Straightening, Resnick glanced at his watch. Three forty-five. Little over half an hour since the call had come through. Soon there would be arc lights, a generator, yellow tape, officers in coveralls searching the ground on hands and knees. As Anil Khan, crouching, shot off the first of many Polaroids, Resnick stepped aside. The broad expanse of the Forest rose behind them, broken by a ragged line of trees. The city’s orange glow.

‘The woman as called it in,’ Millington said, at his shoulder. ‘You’ll likely want a word.’

She was standing some thirty metres off, where the scrub of grass and the gravel of the parking area merged.

‘A wonder she stayed around,’ Resnick said.

Millington nodded and lit a cigarette.

She was tall, taller than average, dark hair that at closer range was reddish-brown, brown leather boots which stopped below the knee, a sheepskin coat she pulled across herself protectively as Resnick came near. A full mouth from which most of the lipstick had been worn away, eyes like seawater, bluey-green. The fingers holding her coat close were raw with cold.

Still Resnick did not recognise her until she had fumbled in her pockets for a pack of cigarettes, a lighter, the flame small yet sudden, flaring before her eyes.

‘Eileen? Terry’s Eileen?’

She looked at him then. ‘Not any more.’

It had been two years, almost to the day, since the last time he had seen her, trapped out in widow’s weeds. Since then, the seepage that had followed Terry Cooke’s funeral had submerged her from Resnick’s sight. Cooke, a medium-range chancer who had punched his weight but rarely more — aggravated burglary, the occasional lorry hijack, once a payroll robbery of almost splendid audacity — and who had ended his own life with a bullet through the brain, administered while Eileen lay in bed alongside him.

‘You found her.’ Resnick’s head nodded back in the direction of the corpse.

As a question, it didn’t require answer.

‘How come?’

‘She was there, wasn’t she? Lyin’ there. I almost fell over her.’

‘I mean, three in the morning, how come you were here? On the Forest?’

‘How d’you think?’

Resnick looked at her, waiting.

She gouged the heel of her boot into the frozen ground. ‘Business. What else?’

‘Christ, Eileen.’

‘I was here doin’ business.’

‘I didn’t know.’

‘Why should you?’ For the space of seconds, she looked back at him accusingly.
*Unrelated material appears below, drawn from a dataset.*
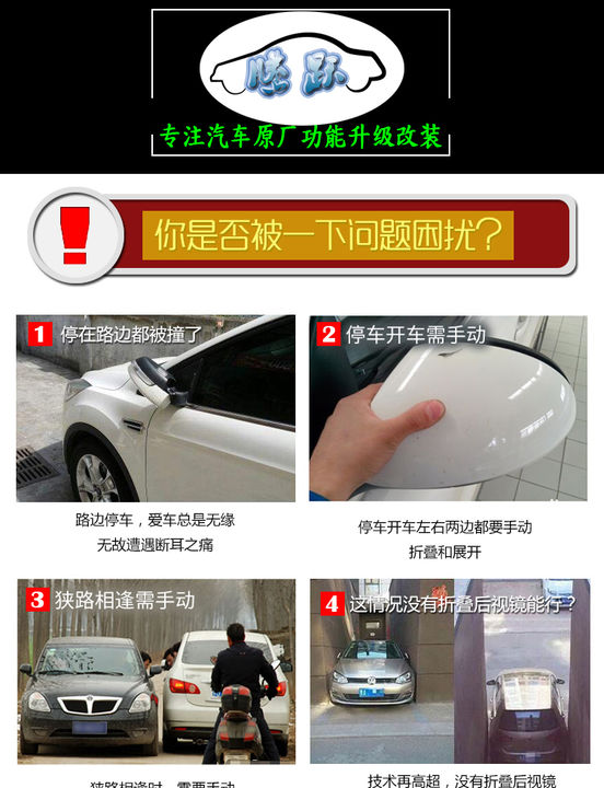 中國強國人福福特銳界也可實現(xiàn)后視鏡自動折疊啦!福特銳界后視鏡居然不能自動折疊,車大過狹窄道路時后視鏡需要手動去掰,停車入庫時也不方便,現(xiàn)在改裝了后視鏡自動折疊功能,太方便了,車里觸摸開關,可以不用下車 ...

Resnick had talked to her several times in the weeks before Terry Cooke had died, Eileen seeking a way out of the relationship but too scared to make the move. And Resnick listening sympathetically, hoping she would give him an angle, a way of breaking through Cooke’s camouflage and alibis. Give him up, Eileen. Give us something we can use. Once he’s inside, he’ll not be able to reach you, do you any harm. In the end, Resnick had thought, the only harm Cooke had done had been to himself. Now, looking at Eileen, he was less sure.